QQQ: Invesco QQQ. The Nasdaq-100: heavier in technology, lighter in banks and oil. It has outperformed the S&P 500 over the last decade, with noticeably bigger drawdowns in bad years (2022: roughly –33% vs the S&P's –19%).
VTI: Vanguard Total Stock Market. Owns essentially every listed US company, small caps included. Performance tracks VOO closely because the giants dominate both, but you're buying the whole haystack.
SCHD: Schwab US Dividend Equity. The income pick. Screens for quality companies with at least ten consecutive years of dividends. It will usually lag the growth-heavy funds in bull markets and hold up better in ugly ones.
VGT: Vanguard Information Technology. A pure technology sector bet. The best ten-year performer on this list, and the most volatile. This is a conviction holding, not a core one.
What actually separates them
Three things, in order of importance:
- Concentration. VGT is ~100% tech, QQQ is roughly half tech, VOO/VTI are ~30% tech, SCHD deliberately underweights it. Your tech exposure is the single biggest driver of how these funds behave.
- Expense ratio. All five are cheap (0.03%–0.20%).
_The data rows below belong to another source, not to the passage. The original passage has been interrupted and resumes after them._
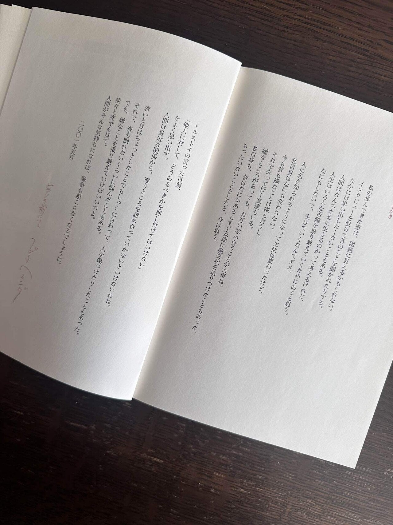 人間がそんな気持ちになれば、戦争も起こらなくなるでしょうに。2001年5月
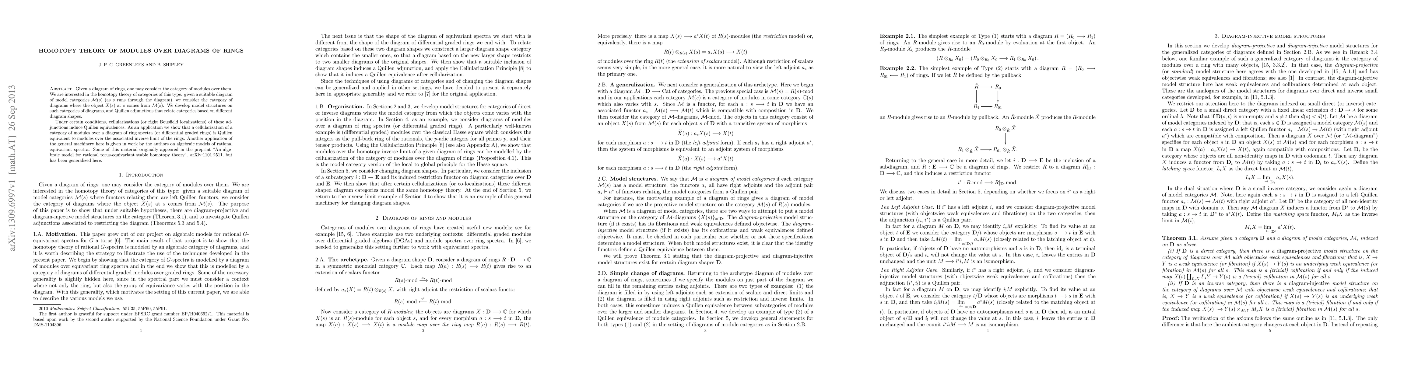 This paper develops model structures for categories of modules over diagrams of rings and explores their homotopy theory. It introduces Quillen adjunctions linking different diagram shapes and shows that certain cellularizations induce Quillen equivalences, particularly relating modules over a diagram of ring spectra to modules over their inverse limits.
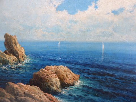Mediterranean Seascape Oil Painting on Canvas in Painted Gallery Frame (22 X 18 inches)

Over 30 years, even the difference between 0.03% and 0.20% compounds to real money, but it's a rounding error next to the concentration decision.
- Dividends. SCHD yields roughly 3–4×, whatever the growth funds pay. In a taxable account, that's a tax bill; in a retirement account, it's compounding fuel.
The honest takeaway
A reasonable default that has served millions of investors: VOO or VTI as the core, QQQ or VGT as a satellite if you want more growth and can stomach the drawdowns, SCHD if you're closer to needing the income than growing it.
Not investment advice. Price returns exclude dividends and taxes. Past performance does not guarantee future results.